I was wondering if there is any way to automatically stop the stan() function if
it lasts too long? I am studying the time effect of different combinations of the parameters Kappa, Gamma and t0 on the NUT sampler for particular models. However, I want first to discard some possibilities which take too much time.
All the classical time tools in R don’t work… I didn’t find any of them which can kill a function if it takes to much time…

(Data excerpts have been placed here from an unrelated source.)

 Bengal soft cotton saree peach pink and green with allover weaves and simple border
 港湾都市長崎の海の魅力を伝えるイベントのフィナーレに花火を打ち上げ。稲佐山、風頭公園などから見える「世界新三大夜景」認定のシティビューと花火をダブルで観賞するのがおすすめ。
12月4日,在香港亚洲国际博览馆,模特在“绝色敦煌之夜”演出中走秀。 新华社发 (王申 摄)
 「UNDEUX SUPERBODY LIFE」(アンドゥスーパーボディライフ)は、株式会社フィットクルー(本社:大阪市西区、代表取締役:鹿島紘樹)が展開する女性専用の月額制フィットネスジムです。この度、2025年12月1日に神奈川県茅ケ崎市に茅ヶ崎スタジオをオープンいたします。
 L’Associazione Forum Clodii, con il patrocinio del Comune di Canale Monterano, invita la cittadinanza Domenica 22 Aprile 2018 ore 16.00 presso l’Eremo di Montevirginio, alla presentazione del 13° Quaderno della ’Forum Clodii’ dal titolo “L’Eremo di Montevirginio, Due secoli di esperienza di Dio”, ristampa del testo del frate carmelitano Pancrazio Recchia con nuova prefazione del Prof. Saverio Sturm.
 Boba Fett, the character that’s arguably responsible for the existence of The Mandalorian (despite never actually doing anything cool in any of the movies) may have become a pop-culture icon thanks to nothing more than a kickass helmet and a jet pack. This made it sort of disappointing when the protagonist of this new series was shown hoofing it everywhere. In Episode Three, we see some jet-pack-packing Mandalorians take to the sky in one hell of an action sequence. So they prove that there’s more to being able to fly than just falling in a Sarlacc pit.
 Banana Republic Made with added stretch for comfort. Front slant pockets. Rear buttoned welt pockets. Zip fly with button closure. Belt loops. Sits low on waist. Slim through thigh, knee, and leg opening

Well, you can abort the computation, but you don’t get anything back. You could start with a smaller number of iterations if you think the computation might take a long time, but the new diagnostics will (rightly) claim that the effective sample size in the tail (or bulk) is too low to make reliable inferences. Basically, you have to let it warm up long enough to get the adaptation pretty much right before you can figure anything out.
Tks you bgoodri :) It may sound strange but I’m not really interested in inferring.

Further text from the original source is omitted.